_SUPPLIED RECORDS:_
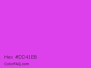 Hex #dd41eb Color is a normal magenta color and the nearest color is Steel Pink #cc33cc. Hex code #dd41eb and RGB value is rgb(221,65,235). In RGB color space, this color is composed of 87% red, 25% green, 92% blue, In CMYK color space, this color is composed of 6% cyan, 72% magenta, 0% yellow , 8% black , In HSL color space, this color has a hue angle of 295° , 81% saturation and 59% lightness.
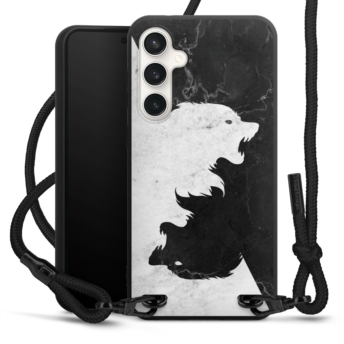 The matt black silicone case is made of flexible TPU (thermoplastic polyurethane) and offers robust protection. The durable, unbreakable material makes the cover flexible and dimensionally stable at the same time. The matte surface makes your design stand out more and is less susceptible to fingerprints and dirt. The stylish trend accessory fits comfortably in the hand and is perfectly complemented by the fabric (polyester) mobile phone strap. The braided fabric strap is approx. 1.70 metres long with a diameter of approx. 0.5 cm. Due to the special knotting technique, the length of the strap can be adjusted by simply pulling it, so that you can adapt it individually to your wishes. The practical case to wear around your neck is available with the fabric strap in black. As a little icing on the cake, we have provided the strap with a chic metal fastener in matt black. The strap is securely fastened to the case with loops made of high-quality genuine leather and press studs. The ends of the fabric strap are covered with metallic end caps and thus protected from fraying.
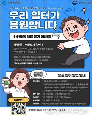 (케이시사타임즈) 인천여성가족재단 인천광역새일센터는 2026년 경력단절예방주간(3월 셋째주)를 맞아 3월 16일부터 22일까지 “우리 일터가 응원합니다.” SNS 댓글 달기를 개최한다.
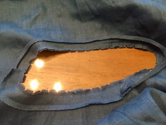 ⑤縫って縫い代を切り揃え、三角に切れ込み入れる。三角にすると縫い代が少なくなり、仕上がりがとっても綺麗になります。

* * *

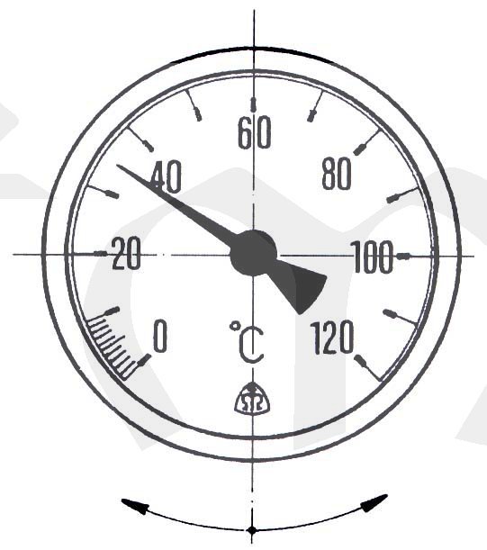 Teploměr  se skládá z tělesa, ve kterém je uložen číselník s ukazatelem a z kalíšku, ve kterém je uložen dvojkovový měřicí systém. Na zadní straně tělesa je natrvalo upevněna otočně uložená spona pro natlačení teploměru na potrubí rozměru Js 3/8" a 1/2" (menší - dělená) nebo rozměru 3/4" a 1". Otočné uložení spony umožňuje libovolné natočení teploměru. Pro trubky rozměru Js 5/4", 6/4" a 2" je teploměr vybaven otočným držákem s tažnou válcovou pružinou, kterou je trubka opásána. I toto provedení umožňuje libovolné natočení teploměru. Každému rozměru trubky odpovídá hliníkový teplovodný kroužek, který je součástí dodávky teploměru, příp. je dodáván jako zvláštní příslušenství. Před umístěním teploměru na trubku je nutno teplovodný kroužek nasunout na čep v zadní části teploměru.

_ASSIGNED TASK:_ Reproduce the data above exactly, but only the lines from the one showing "The matt black" through the one showing "⑤縫って縫い代を切り揃え、三", with both ends kept and the pictures left out.

_TASK RESPONSE:_
 The matt black silicone case is made of flexible TPU (thermoplastic polyurethane) and offers robust protection. The durable, unbreakable material makes the cover flexible and dimensionally stable at the same time. The matte surface makes your design stand out more and is less susceptible to fingerprints and dirt. The stylish trend accessory fits comfortably in the hand and is perfectly complemented by the fabric (polyester) mobile phone strap. The braided fabric strap is approx. 1.70 metres long with a diameter of approx. 0.5 cm. Due to the special knotting technique, the length of the strap can be adjusted by simply pulling it, so that you can adapt it individually to your wishes. The practical case to wear around your neck is available with the fabric strap in black. As a little icing on the cake, we have provided the strap with a chic metal fastener in matt black. The strap is securely fastened to the case with loops made of high-quality genuine leather and press studs. The ends of the fabric strap are covered with metallic end caps and thus protected from fraying.
 (케이시사타임즈) 인천여성가족재단 인천광역새일센터는 2026년 경력단절예방주간(3월 셋째주)를 맞아 3월 16일부터 22일까지 “우리 일터가 응원합니다.” SNS 댓글 달기를 개최한다.
 ⑤縫って縫い代を切り揃え、三角に切れ込み入れる。三角にすると縫い代が少なくなり、仕上がりがとっても綺麗になります。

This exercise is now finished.